Shareholders are urged to read this proposal carefully, including all of the related exhibits referenced below and
attached to this Proxy Statement, before voting on the Reincorporation. The following discussion summarizes
material provisions of the Reincorporation. This summary is subject to and qualified in its entirety by the
Agreement and Plan of Merger (the “Reincorporation Agreement”) that will be entered into by W-S California
and W-S Delaware in substantially the form attached hereto as Exhibit A, the Amended and Restated Certificate
of Incorporation of W-S Delaware to be effective immediately following the Reincorporation (the “Delaware
Certificate”), in substantially the form attached hereto as Exhibit B, and the Amended and Restated Bylaws of
W-S Delaware to be effective immediately following the Reincorporation (the “Delaware Bylaws”), in
substantially the form attached hereto as Exhibit C. Copies of the Articles of Incorporation of W-S California
filed in California, as amended to date (the “California Articles”), and the bylaws of W-S California, as amended
to date (the “California Bylaws”), are filed publicly as exhibits to our periodic reports and are also available for
inspection at our principal executive offices. Copies will be sent to shareholders free of charge upon written
request to Williams-Sonoma, Inc., Attention: Corporate Secretary, 3250 Van Ness Avenue, San Francisco,
California 94109.
What are the reasons for the Reincorporation?

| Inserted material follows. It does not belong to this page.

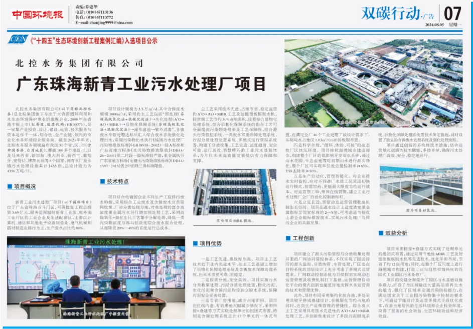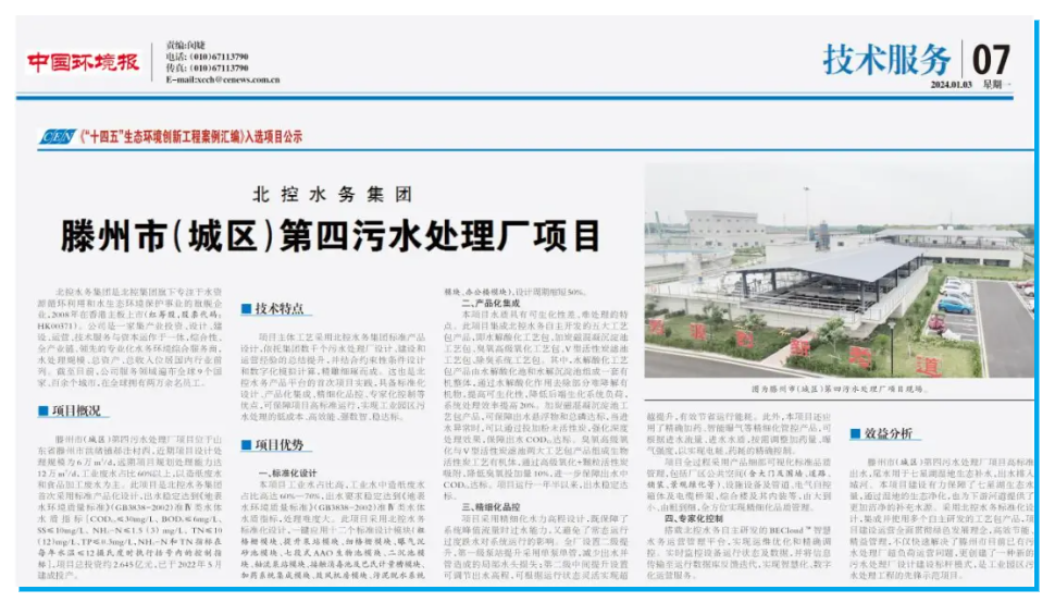 近日,北控水务滕州市(城区)第四污水处理厂、广东珠海新青工业污水处理厂入选《“十四五”生态环境创新工程案例汇编》。此次案例汇编由生态环境部主管的中国环境报社主办,旨在推动生态环境工程领域技术创新、管理创新和服务创新,助力深入打好污染防治攻坚战。
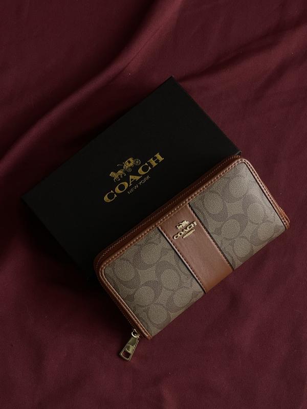 Кошелек выполнен из структурной эко-кожи с вставкой из гладкой эко-кожи. Внутри три больших отделения и одно на застежке для мелочей. Также 8 отделений для карточек. Металлическая фурнитура – качественная и брендированная. Размер: 19*10см. Брендовая коробка и пыльник в комплекте

Our Board and management believe that it is essential for us to be able to draw upon well-established principles
of corporate governance in making legal and business decisions. The prominence and predictability of Delaware
corporate law provide a reliable foundation on which our governance decisions can be based, and we believe that
our shareholders will benefit from the responsiveness of Delaware corporate law to their needs and to those of
the corporation they own. The principal factors the Board considered in electing to pursue the Reincorporation
are summarized below:
highly developed and predictable corporate law in Delaware;
enhanced ability of the majority of shareholders to exercise control; and
enhanced ability to attract and retain directors and officers.